Records contained in a dataset:

★ ★ ★ ★ ★

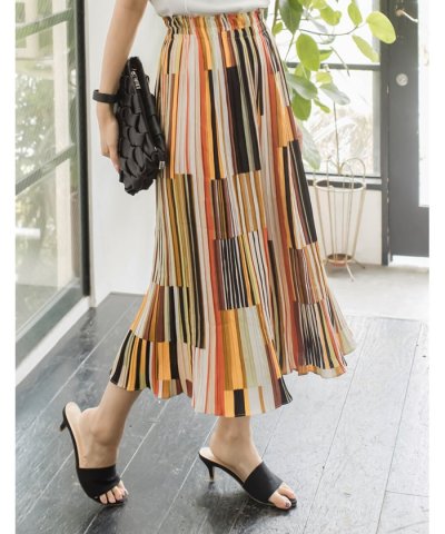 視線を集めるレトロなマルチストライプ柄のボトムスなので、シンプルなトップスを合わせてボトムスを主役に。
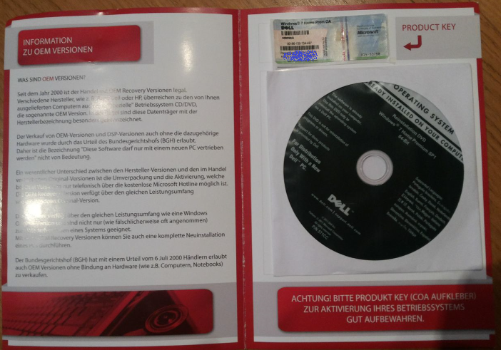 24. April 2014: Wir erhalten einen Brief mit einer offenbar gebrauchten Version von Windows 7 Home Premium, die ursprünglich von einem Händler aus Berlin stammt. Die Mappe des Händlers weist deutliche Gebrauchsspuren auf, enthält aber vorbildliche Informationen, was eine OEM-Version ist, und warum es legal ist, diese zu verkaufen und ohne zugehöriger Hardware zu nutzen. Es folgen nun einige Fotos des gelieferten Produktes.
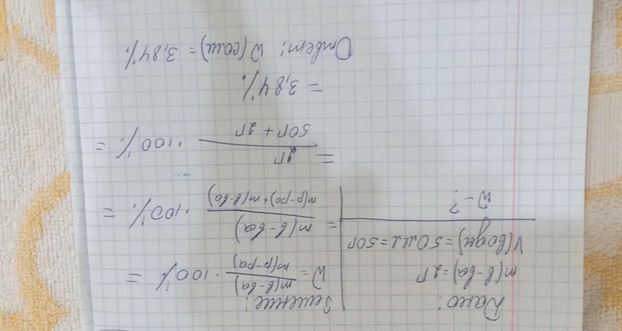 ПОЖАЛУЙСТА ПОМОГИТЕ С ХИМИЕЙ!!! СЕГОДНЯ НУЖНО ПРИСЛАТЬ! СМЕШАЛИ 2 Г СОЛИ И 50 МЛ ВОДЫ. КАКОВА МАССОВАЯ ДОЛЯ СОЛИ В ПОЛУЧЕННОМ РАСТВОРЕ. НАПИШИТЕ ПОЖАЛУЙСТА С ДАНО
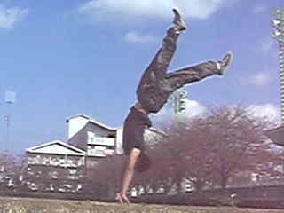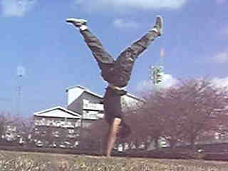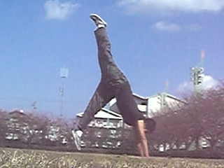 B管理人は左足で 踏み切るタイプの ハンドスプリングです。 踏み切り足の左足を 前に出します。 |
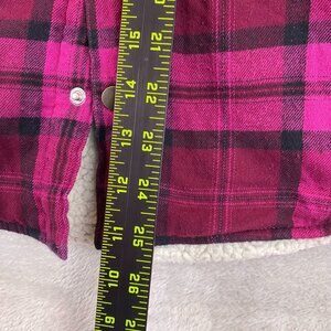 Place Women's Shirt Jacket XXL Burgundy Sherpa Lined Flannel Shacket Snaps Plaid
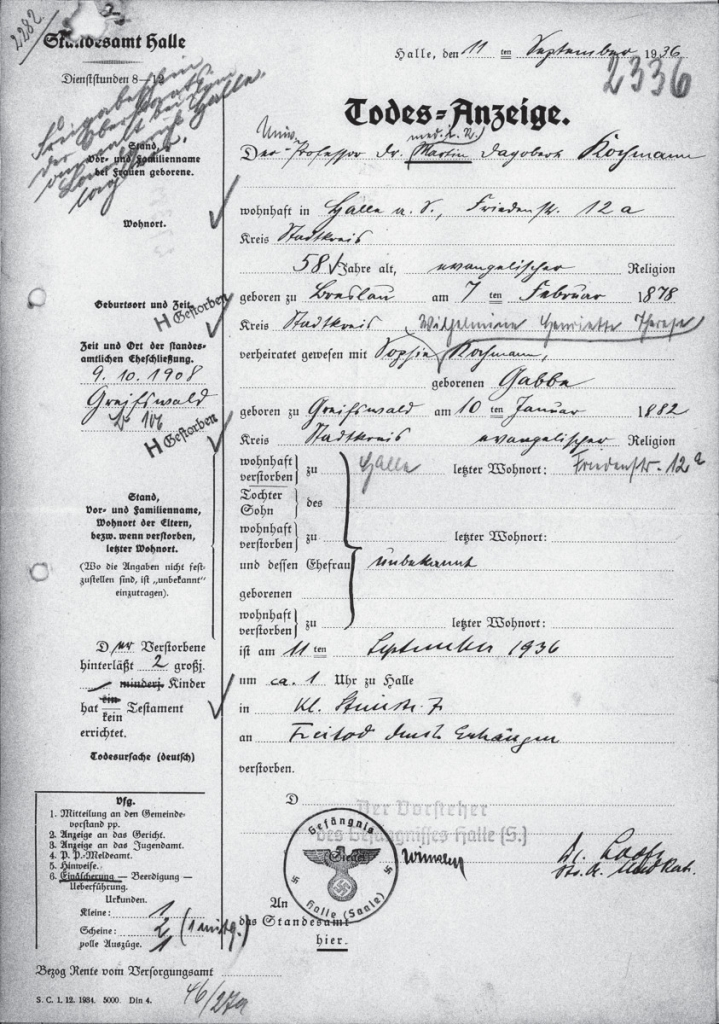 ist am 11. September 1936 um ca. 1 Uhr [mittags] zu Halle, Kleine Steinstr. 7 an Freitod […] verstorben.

★ ★ ★ ★ ★

PROBLEM TO SOLVE:
Write out all the entries word for word, but skip any images.

REPLY TO THE EXERCISE:
 視線を集めるレトロなマルチストライプ柄のボトムスなので、シンプルなトップスを合わせてボトムスを主役に。
 24. April 2014: Wir erhalten einen Brief mit einer offenbar gebrauchten Version von Windows 7 Home Premium, die ursprünglich von einem Händler aus Berlin stammt. Die Mappe des Händlers weist deutliche Gebrauchsspuren auf, enthält aber vorbildliche Informationen, was eine OEM-Version ist, und warum es legal ist, diese zu verkaufen und ohne zugehöriger Hardware zu nutzen. Es folgen nun einige Fotos des gelieferten Produktes.
 ПОЖАЛУЙСТА ПОМОГИТЕ С ХИМИЕЙ!!! СЕГОДНЯ НУЖНО ПРИСЛАТЬ! СМЕШАЛИ 2 Г СОЛИ И 50 МЛ ВОДЫ. КАКОВА МАССОВАЯ ДОЛЯ СОЛИ В ПОЛУЧЕННОМ РАСТВОРЕ. НАПИШИТЕ ПОЖАЛУЙСТА С ДАНО
 B管理人は左足で 踏み切るタイプの ハンドスプリングです。 踏み切り足の左足を 前に出します。 |
 Place Women's Shirt Jacket XXL Burgundy Sherpa Lined Flannel Shacket Snaps Plaid
 ist am 11. September 1936 um ca. 1 Uhr [mittags] zu Halle, Kleine Steinstr. 7 an Freitod […] verstorben.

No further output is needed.